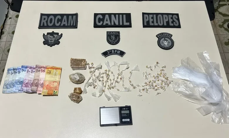 Com o apoio da cadela farejadora K9 Luna, os policiais encontraram uma grande quantidade de crack escondida dentro da caixa de descarga do banheiro. Além disso, foram apreendidos uma balança de precisão, sacos plásticos utilizados para embalar drogas e R$ 55 em dinheiro trocado.
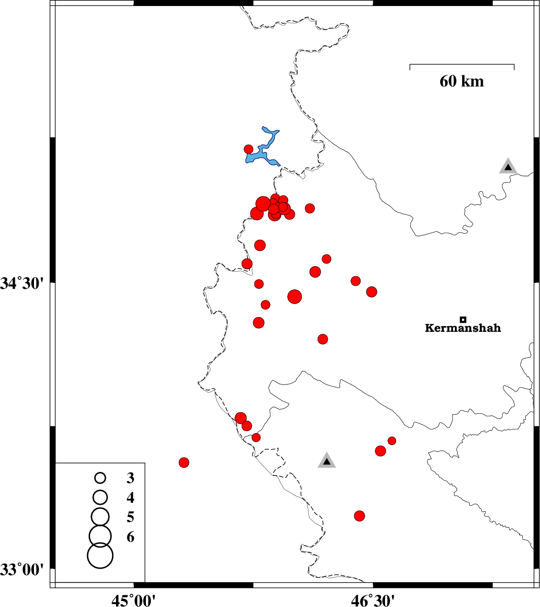 2018/06/06 | 00:07:07.5 | 04:37:07.5 | 34.426 | 46.008 | 15 | ML:3.9 | Kermanshah Province, 12 km -East of Sar-e pol-e zahab | ||
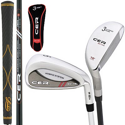 CER Hybrid System: #3 Hybrid, #4 Hybrid, #5 iron thru Pitching Wedge, 2 CER FW70 graphite shafts for the Hybrids and 6 FST 90 steel shafts for the irons, and Lamkin Crossline grips.
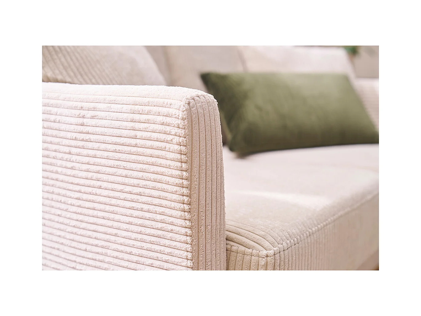 Canapé scandinave déhoussable 2 places en tissu velours côtelé beige et bois clair OSLO
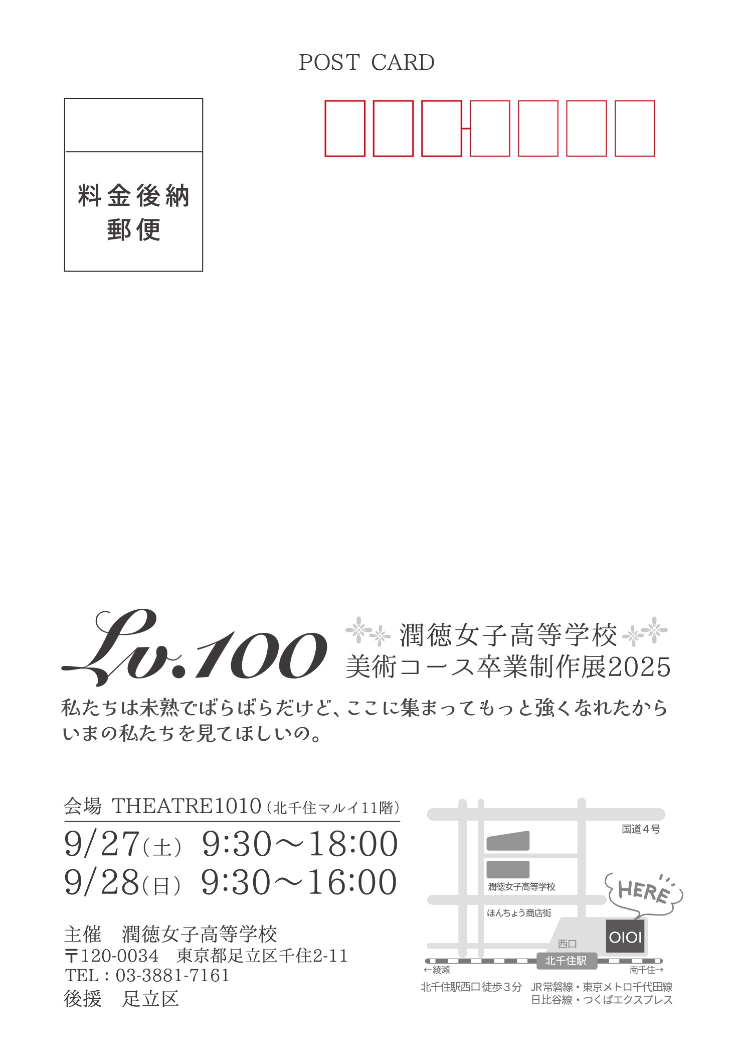 お知らせ News 美術コース卒業制作展のご案内 2025年9月27日 お知らせ 潤徳女子高等学校 美術コース 卒業展覧会 2025 のご案内 9月27日(土)・28日(日)、北千住マルイ11階 THEATRE1010 にて、 潤徳女子高等学校 美術コース 卒業展覧会 2025 を開催いたします。 今年のテーマは 『Lv.100』。 作品制作の様子や展覧会に向けた取り組みについては、 Instagram や X(旧Twitter) にて卒展広報担当の生徒が随時発信しています。 ぜひご覧ください。 皆さまのご来場を心よりお待ちしております。 「お知らせ」の最新記事 2025年10月4日10/5(日) 宿場町大道芸祭に吹奏楽部が参加!2025年9月28日出張個別相談会のご案内2025年9月27日美術コース卒業制作展のご案内2025年9月26日Instagram 記事を更新!2025年9月17日うるおい祭(キッチンカーフェス)のご案内2025年9月15日うるおい祭(クラス部門)のご案内2025年9月14日9月15日 千住神社で神楽奉納2025年6月25日ホームページをリニューアル! カテゴリー カテゴリーを選択 全ての記事 NEWS&TOPICS お知らせ 入試情報 潤徳日記 全コース 日常ブログ[特進コース] 日常ブログ[美術コース] 日常ブログ[進学コース]TOPICS説明会情報 学校説明会 学校見学会 体験入学 クラブ体験入部 個別相談会未分類
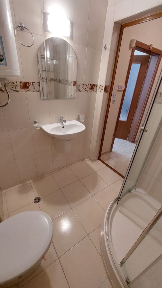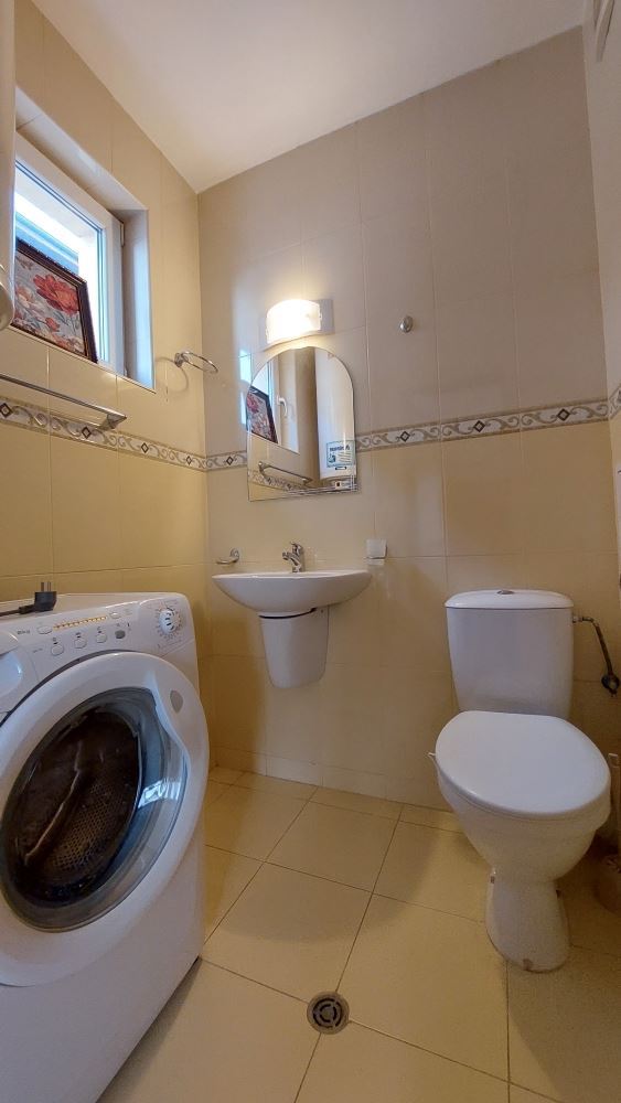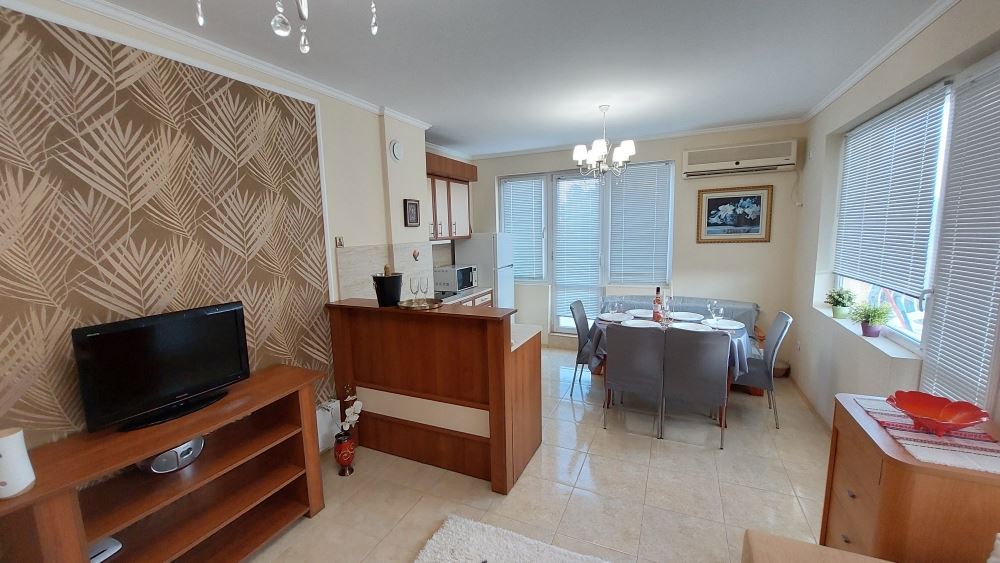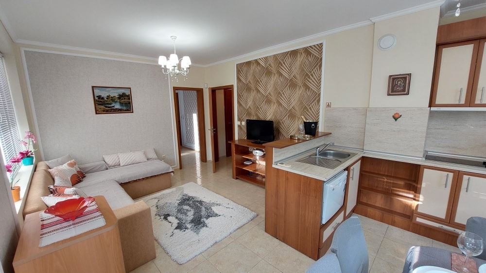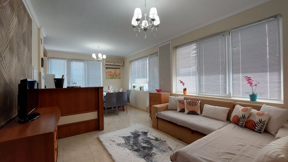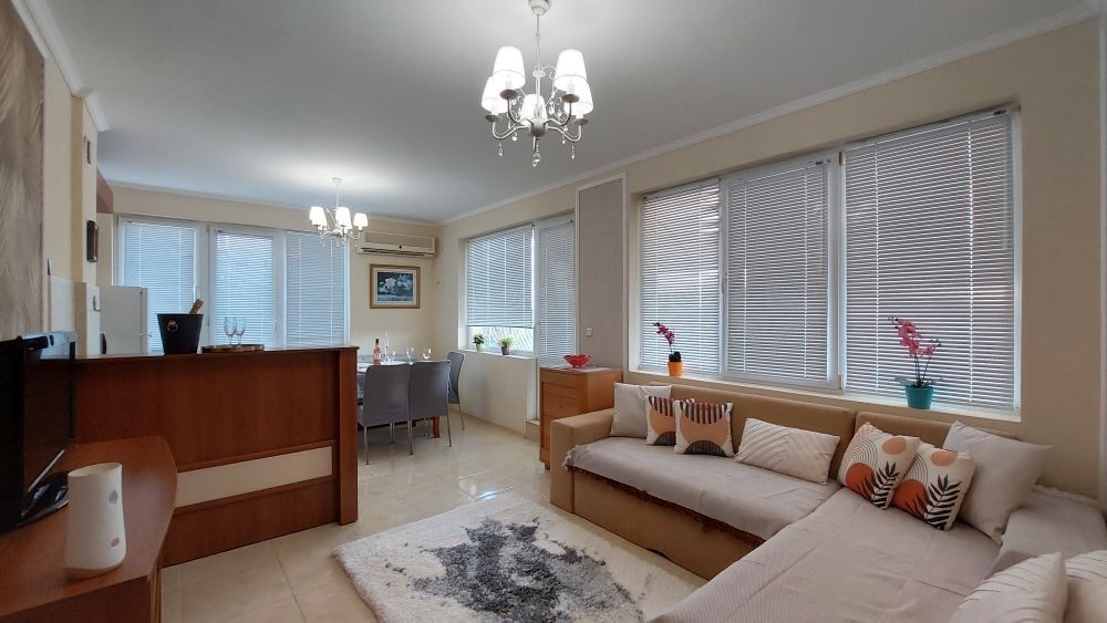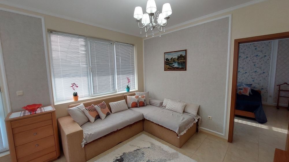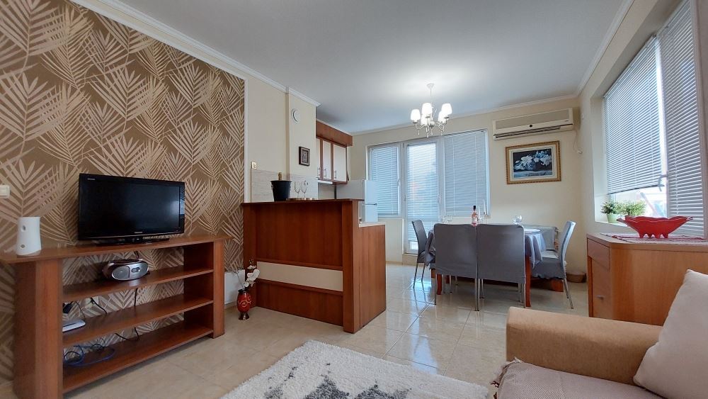 A magnificent one bedroom apartment in the central part of Pomorie, just 200 meters from the sea, is an attractive offer for those who are looking for comfortable and modern accommodation. The apartment is located just 200 meters from the sea. This provides easy access to the beach and proximity to many cafes, restaurants and stores. The apartment offers a spacious layout and floor space, providing a comfortable living space. It consists of a corridor, a large living room with kitchen and dining area, a bedroom, two bathrooms and a spacious balcony with separate areas to enjoy the views and fresh air. Fully furnished with quality modern furniture, which gives it style and comfort. Expensive renovations ensure a high quality finish. The lack of service charges can be an attractive factor for buyers as it saves on additional costs. Separate utility bills, which gives you control over your expenses to avoid unexpected surprises in the bills.

THE TASK:
Output should consist of the lines above from the one with "2018/06/06 | 00:07:07.5" down to the one with "お知らせ News 美術コース卒業制作展のご案内", exact and without pictures.

TASK RESPONSE:
 2018/06/06 | 00:07:07.5 | 04:37:07.5 | 34.426 | 46.008 | 15 | ML:3.9 | Kermanshah Province, 12 km -East of Sar-e pol-e zahab | ||
 CER Hybrid System: #3 Hybrid, #4 Hybrid, #5 iron thru Pitching Wedge, 2 CER FW70 graphite shafts for the Hybrids and 6 FST 90 steel shafts for the irons, and Lamkin Crossline grips.
 Canapé scandinave déhoussable 2 places en tissu velours côtelé beige et bois clair OSLO
 お知らせ News 美術コース卒業制作展のご案内 2025年9月27日 お知らせ 潤徳女子高等学校 美術コース 卒業展覧会 2025 のご案内 9月27日(土)・28日(日)、北千住マルイ11階 THEATRE1010 にて、 潤徳女子高等学校 美術コース 卒業展覧会 2025 を開催いたします。 今年のテーマは 『Lv.100』。 作品制作の様子や展覧会に向けた取り組みについては、 Instagram や X(旧Twitter) にて卒展広報担当の生徒が随時発信しています。 ぜひご覧ください。 皆さまのご来場を心よりお待ちしております。 「お知らせ」の最新記事 2025年10月4日10/5(日) 宿場町大道芸祭に吹奏楽部が参加!2025年9月28日出張個別相談会のご案内2025年9月27日美術コース卒業制作展のご案内2025年9月26日Instagram 記事を更新!2025年9月17日うるおい祭(キッチンカーフェス)のご案内2025年9月15日うるおい祭(クラス部門)のご案内2025年9月14日9月15日 千住神社で神楽奉納2025年6月25日ホームページをリニューアル! カテゴリー カテゴリーを選択 全ての記事 NEWS&TOPICS お知らせ 入試情報 潤徳日記 全コース 日常ブログ[特進コース] 日常ブログ[美術コース] 日常ブログ[進学コース]TOPICS説明会情報 学校説明会 学校見学会 体験入学 クラブ体験入部 個別相談会未分類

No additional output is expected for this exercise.